Neal Stephenson: Snow Crash

Prolog:
Zehn Jahre ist es nun her, seit der Cyperspace das virtuelle Licht der Welt erblickt hat. Seitdem geistern künstliche, kybernetische Welten in den Köpfen von Lesern und Autoren. William Gibsons Kopfgeburt eines deus ex machina verbindet Philosophie und Technik, Rationalismus und Emotionalität, letztlich Realität und Fiktion. Cyberspace ist die fiktionalisierte Realität eines realen Wunsches nach einer Welt, nicht jenseits unserer, sondern parallel dazu, gekoppelt an die Möglichkeit, die eigene Psyche mit einer zweiten Wunsch-Identität zu versehen und darin zu agieren. Was die Technik heute mit Mind-Machines, Kontaktanzügen und Interface gesteuerten Hilfsmitteln zur Genitalstimulation bietet, ist von Gibsons Cyberspace Vision allerdings noch so weit entfernt, wie ein Faustkeil vom Schweizer Offiziersmesser.

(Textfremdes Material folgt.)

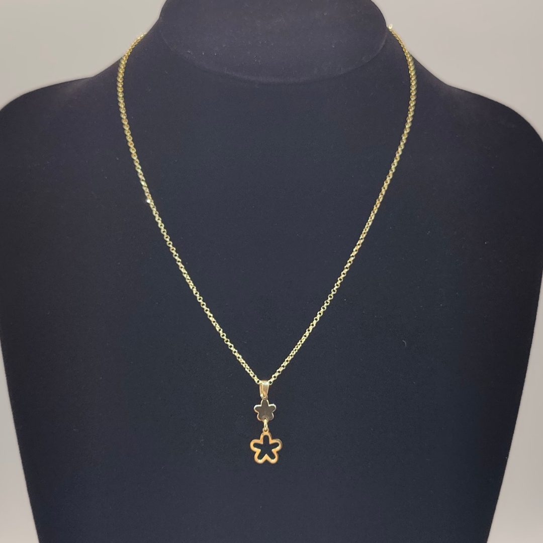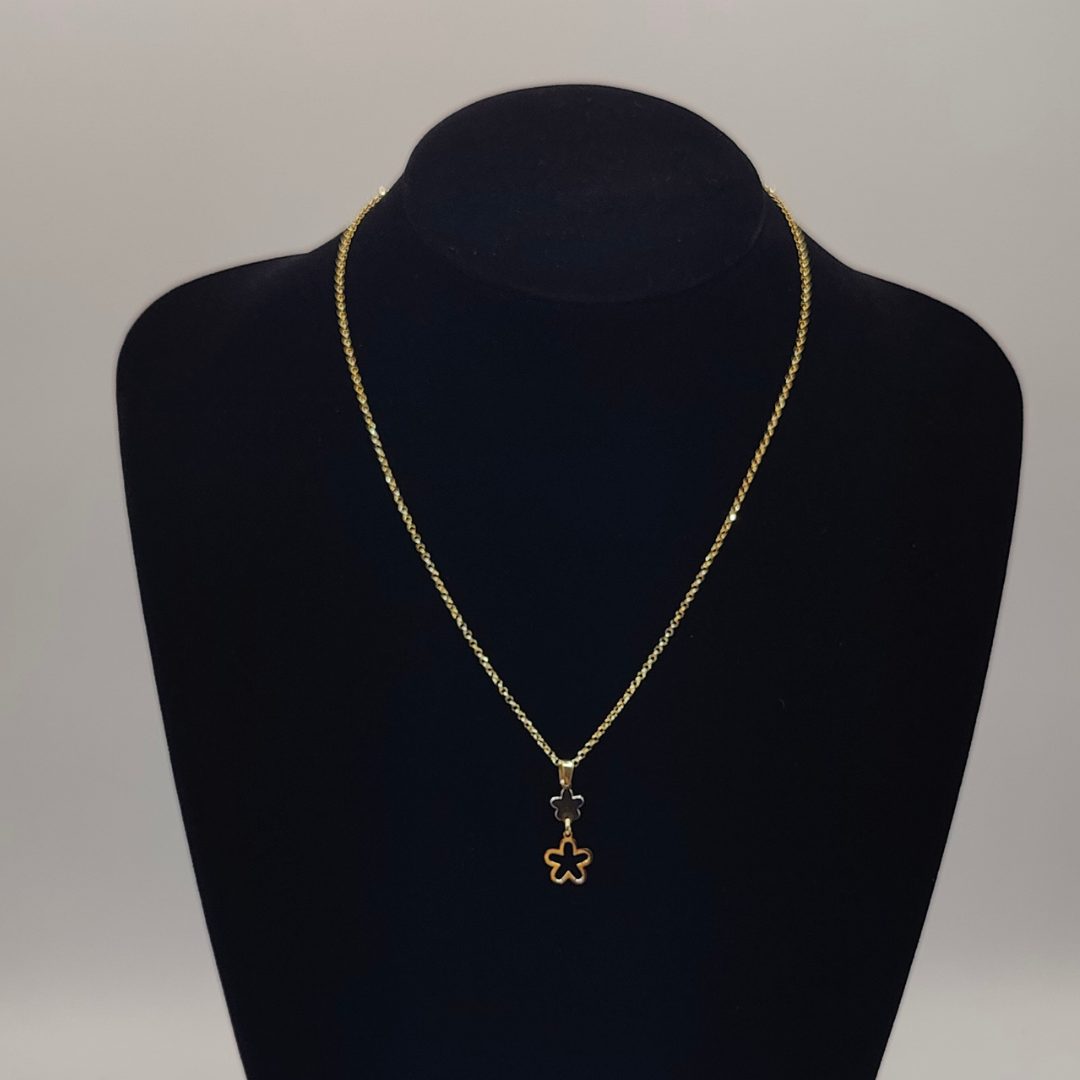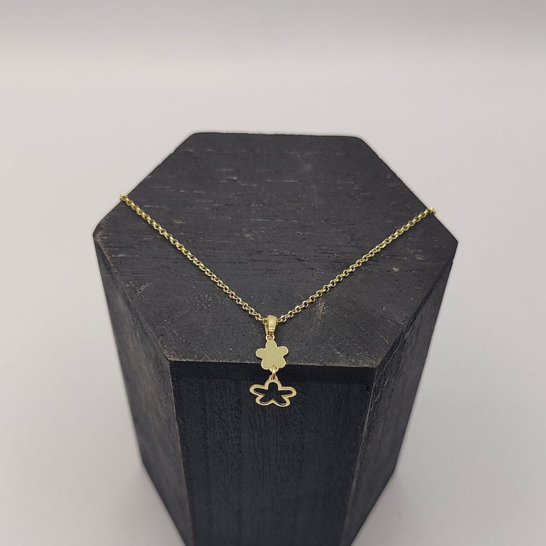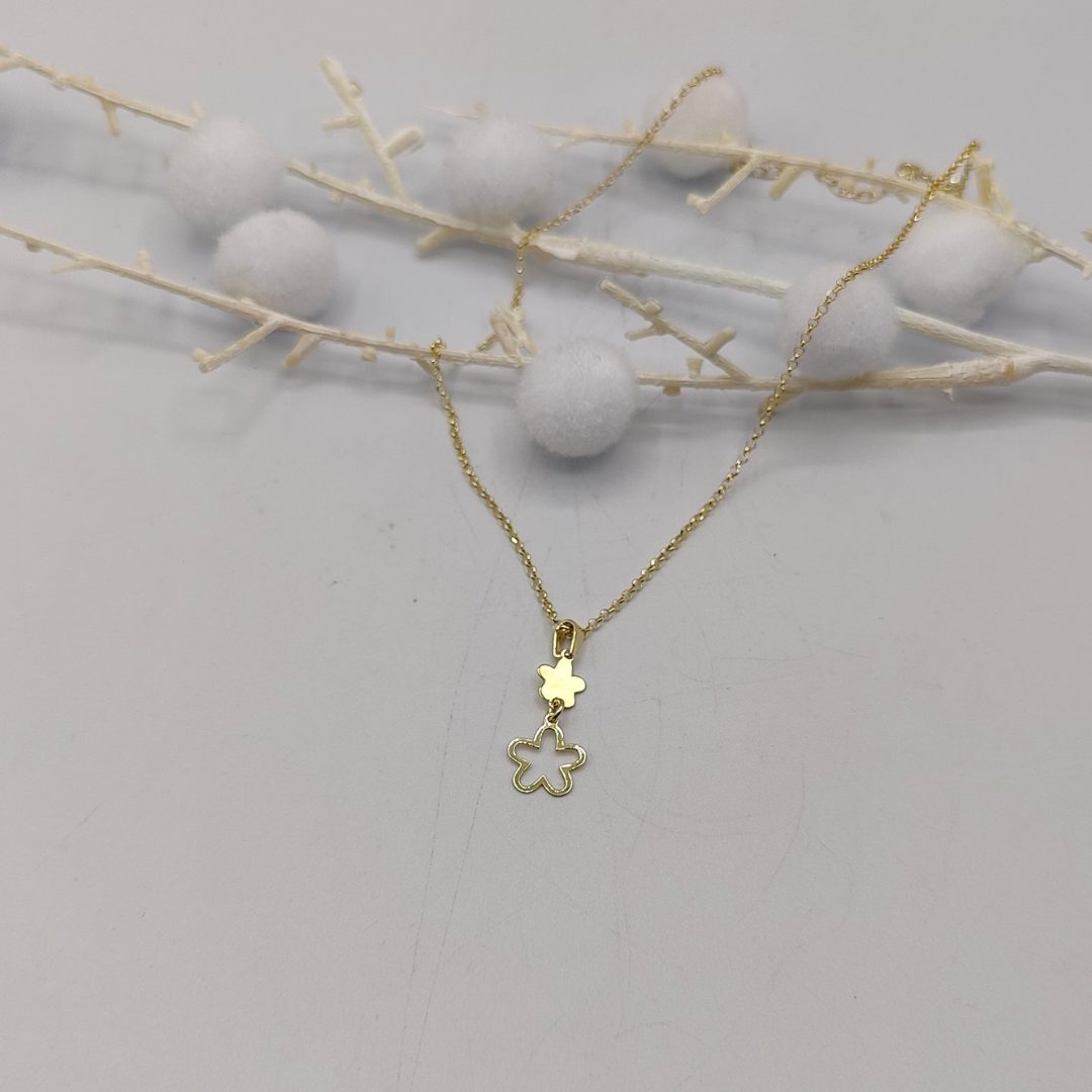 Delicado y elegante, este collar presenta una cadena tipo rolo en plata, adornada con dos colgantes de flores que evocan la frescura y feminidad de la naturaleza. Uno de los colgantes destaca por su diseño calado en plata dorada, aportando un toque sofisticado y luminoso al conjunto. Ideal para lucir a diario o dar un acento refinado a tus looks especiales.

Neal Stephenson, einigen bekannt durch seinen Öko-Thriller „Zodiac“ (dt. „Volles Rohr“) hat sich auch in die virtuelle Wirklichkeit gestürzt und einen Roman vorgelegt, den die Creme de la Creme der Drogen- und Chip- Visionäre Timothy Leary, Rudi Rucker und William Gibson himself als Klappentextautoren zusammengefaßt als eine ’sauschnelle, hyperrealistische Mischung aus Gibsons „Neuromancer“ und Pynchons „Vineland“‚ verstehen, kurzum ein Buch für das nächste Jahrtausend. Erhältlich allerdings schon in diesem Jahrtausend und intern zurückgreifend auf das erste und zweite Jahrtausend vor unserer Zeitrechnung.

Stephenson als Autor für das electronic cult magazin WIRED erweist sich als Pragmatiker. War Gibsons Cyberspace die zukunftsweisende DS 21 mit Einspeichenlenkrad, hydropneumatischem Federwerk und Rollentacho, dann ist Stephensons Version davon, die er Metaversum nennt, ein solider, einfach zu durchschauender 1200er VW mit robustem Motor und Chassis. Aber der läuft und läuft und läuft. Und das ist notwendig, denn das Metaversum ist eine gigantische Software, die eine computersimulierte Darstellung eines unendlichen Straßennetzes mit Gebäuden und einer öffentlichen Straßenbahn, in der sich jeder mittels einer Software, die die eigene Person darstellt von öffentlichen Terminals oder vom heimischen Rechner aus einloggen kann. Je nach dem, wieviel Geld man für seinen Avatar, so heißen die virtuellen alter ego, abdrückt, so sieht man auch im Metaversum aus. Dort wirkt alles recht durchschaubar, geordnet und funktional, was dem genauen Gegenteil der Wirklichkeit entspricht, denn die USA sind in Folge der um sich greifenden Privatisierung in eine Vielzahl kleiner Stadtstaaten, sog. Burbclaves, zerfallen, genauso wie die Armee, die in breites Spektrum privater Sicherheitsdienste übergegangen ist. Hiro Protagonist, die Hauptfigur ist, wie sollte es anders sein, Hacker und mäßiger Pizza Lieferant. Über seinen Freund Da5id (kein Tippfehler), der ein Opfer von Snow Crash, einer Substanz zwischen Virus und Droge geworden ist stolpert Hiro Protagonist in eine Verschwörung, deren geistiger Vater tatsächlich Thomas Pynchon gewesen sein könnte.

So schnell wie die Klappentexte verheißen kommt Stephenson allerdings nicht zu Potte. Die Warmlaufphase dauert etwa fünfzig Seiten, bis Stephensons VW richtig in die Gänge kommt und Hiro Protagonist seinen Job als Pizza- „Auslieferator“ hinter sich gebracht hat, dann läuft das Ding über die nächsten 480 Seiten. Bei weitem nicht so elegant wie Pynchon und längst nicht so visionär wie Gibson bietet „Snow Crash“ dennoch einen gelungenen Plot und genügend Action, daß es für eine Schwarzenegger Verfilmung ausreichen sollte.

Neal Stephenson
SNOW CRASH
Goldmann 20,- DM
ISBN 3-442-42450-X
bzw.
Goldmann 14,- DM

Neal Stephenson,
wurde1959 in Maryland USA geboren. Er ist in Iowa aufgewachsen und studierte in Boston. Neben seiner Tätigkeit als Romanautor schreibt er für das amerikanische Computer und VR Magazin WIRED. „Snow Crash“ ist sein zweiter Roman, der in deutscher Sprache erschien. Der erste ist ein Öko-Thriller mit dem Titel „Zodiac“ (dt. „Volles Rohr“).